BEGIN DATA EXCERPTS
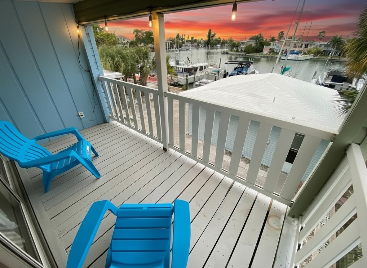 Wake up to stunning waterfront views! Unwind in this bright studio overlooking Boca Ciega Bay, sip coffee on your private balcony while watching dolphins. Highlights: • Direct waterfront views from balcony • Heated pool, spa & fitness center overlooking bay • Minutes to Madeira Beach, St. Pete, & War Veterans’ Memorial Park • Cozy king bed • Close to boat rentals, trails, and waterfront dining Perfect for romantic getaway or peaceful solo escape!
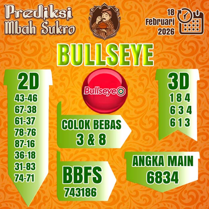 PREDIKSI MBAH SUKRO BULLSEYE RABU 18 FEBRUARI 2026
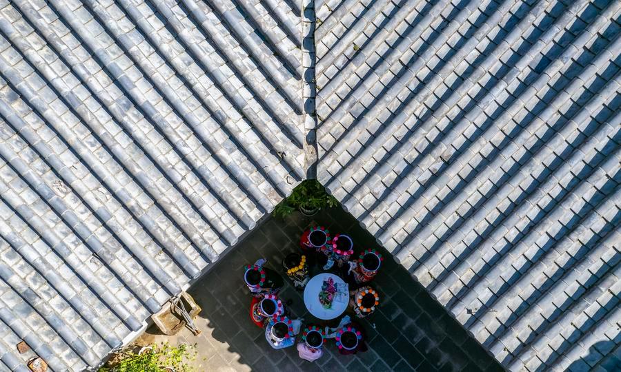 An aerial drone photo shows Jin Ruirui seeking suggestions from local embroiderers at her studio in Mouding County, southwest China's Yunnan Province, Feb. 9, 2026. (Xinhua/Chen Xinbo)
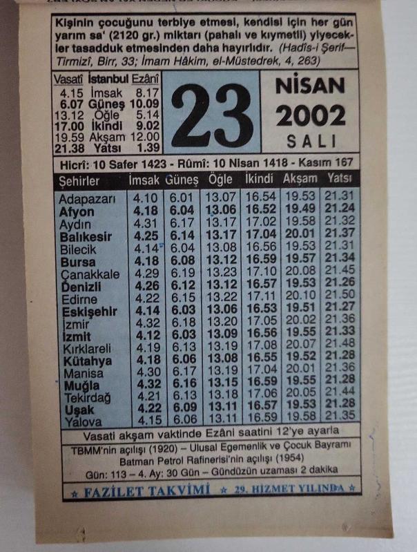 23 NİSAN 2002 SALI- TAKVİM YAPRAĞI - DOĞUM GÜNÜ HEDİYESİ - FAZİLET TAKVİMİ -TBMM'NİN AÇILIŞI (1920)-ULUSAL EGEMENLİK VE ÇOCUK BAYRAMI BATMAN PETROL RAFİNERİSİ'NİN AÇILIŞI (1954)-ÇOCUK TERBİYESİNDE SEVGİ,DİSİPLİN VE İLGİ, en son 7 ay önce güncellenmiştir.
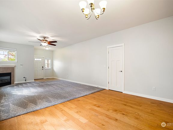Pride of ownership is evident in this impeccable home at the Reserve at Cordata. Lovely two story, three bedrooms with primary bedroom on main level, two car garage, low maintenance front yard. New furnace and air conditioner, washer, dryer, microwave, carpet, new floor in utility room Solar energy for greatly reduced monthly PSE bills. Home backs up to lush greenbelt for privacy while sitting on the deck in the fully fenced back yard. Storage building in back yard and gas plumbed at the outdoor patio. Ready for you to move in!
END DATA EXCERPTS
BEGIN DATA EXCERPTS
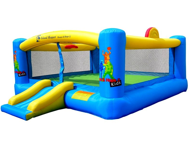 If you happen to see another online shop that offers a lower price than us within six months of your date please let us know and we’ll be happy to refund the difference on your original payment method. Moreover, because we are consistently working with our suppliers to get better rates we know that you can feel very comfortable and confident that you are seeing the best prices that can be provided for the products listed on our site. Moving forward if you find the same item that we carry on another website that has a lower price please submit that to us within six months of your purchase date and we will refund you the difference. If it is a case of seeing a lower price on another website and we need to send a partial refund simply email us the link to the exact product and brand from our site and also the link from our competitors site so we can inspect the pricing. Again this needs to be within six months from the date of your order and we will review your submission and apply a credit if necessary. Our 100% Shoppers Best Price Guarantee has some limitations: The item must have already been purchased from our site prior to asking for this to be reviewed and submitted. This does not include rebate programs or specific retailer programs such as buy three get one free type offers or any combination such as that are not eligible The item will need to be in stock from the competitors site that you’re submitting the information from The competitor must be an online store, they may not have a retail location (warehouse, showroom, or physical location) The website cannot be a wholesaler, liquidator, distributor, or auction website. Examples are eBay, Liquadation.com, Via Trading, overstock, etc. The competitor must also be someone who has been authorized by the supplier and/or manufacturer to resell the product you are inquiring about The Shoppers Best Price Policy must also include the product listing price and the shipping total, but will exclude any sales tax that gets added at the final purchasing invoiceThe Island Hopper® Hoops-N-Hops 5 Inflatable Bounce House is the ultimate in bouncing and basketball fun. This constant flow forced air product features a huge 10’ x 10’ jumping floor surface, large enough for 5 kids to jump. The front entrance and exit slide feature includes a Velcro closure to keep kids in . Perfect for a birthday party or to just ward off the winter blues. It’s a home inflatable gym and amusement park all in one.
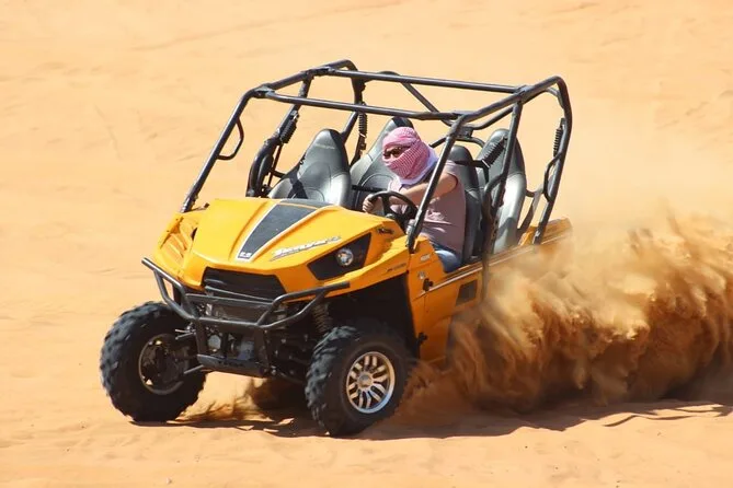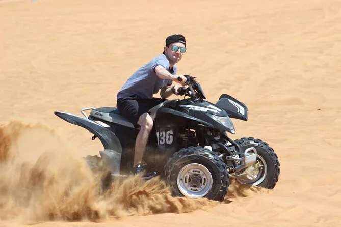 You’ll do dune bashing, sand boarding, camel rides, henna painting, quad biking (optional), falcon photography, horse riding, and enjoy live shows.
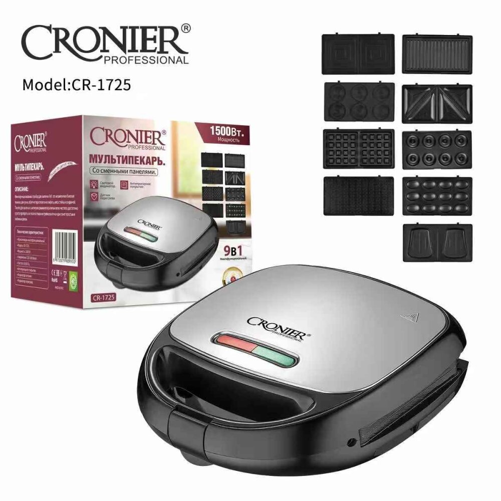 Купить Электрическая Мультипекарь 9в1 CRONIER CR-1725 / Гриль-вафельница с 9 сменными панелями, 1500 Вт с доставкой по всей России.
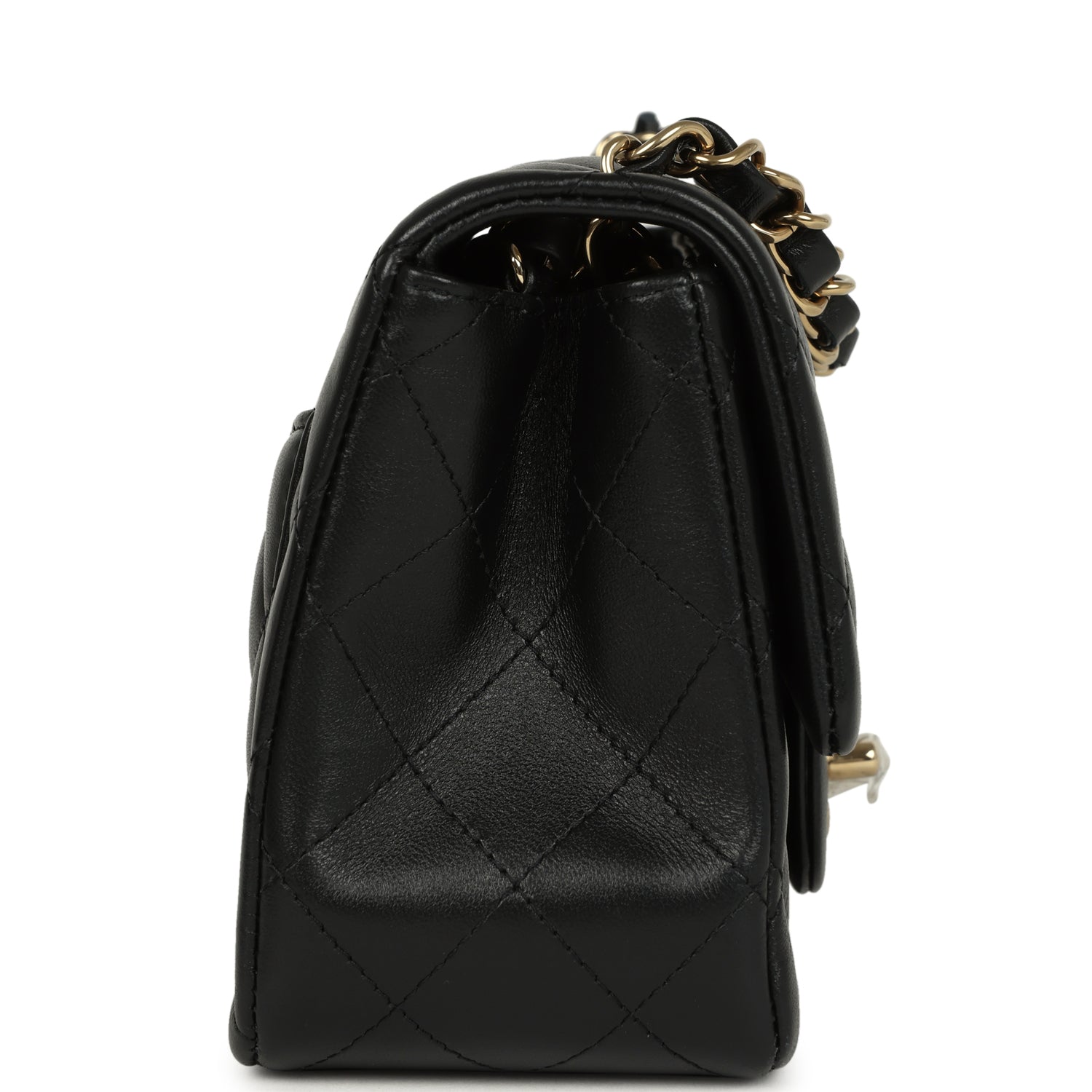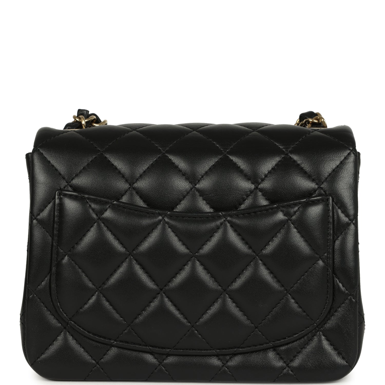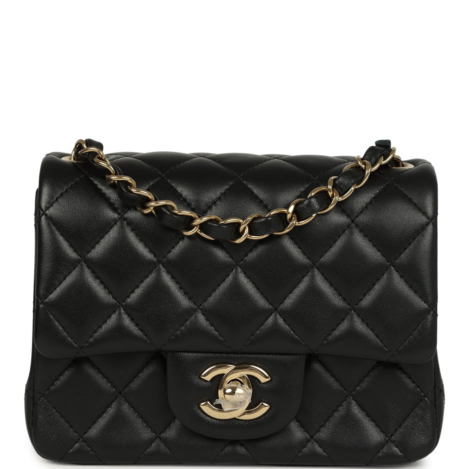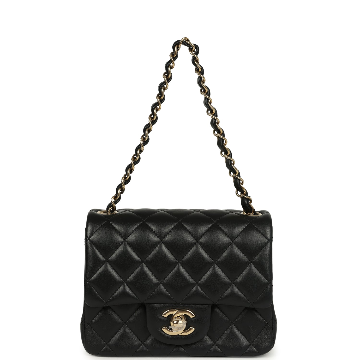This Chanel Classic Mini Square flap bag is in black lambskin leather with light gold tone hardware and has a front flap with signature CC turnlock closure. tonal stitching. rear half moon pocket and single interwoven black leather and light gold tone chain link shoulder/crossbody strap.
END DATA EXCERPTS
From the records above, copy only the lines running from the line holding "PREDIKSI MBAH SUKRO" through the line holding "An aerial drone", with no pictures.

▸ RESULT FOR THIS EXERCISE:
 PREDIKSI MBAH SUKRO BULLSEYE RABU 18 FEBRUARI 2026
 An aerial drone photo shows Jin Ruirui seeking suggestions from local embroiderers at her studio in Mouding County, southwest China's Yunnan Province, Feb. 9, 2026. (Xinhua/Chen Xinbo)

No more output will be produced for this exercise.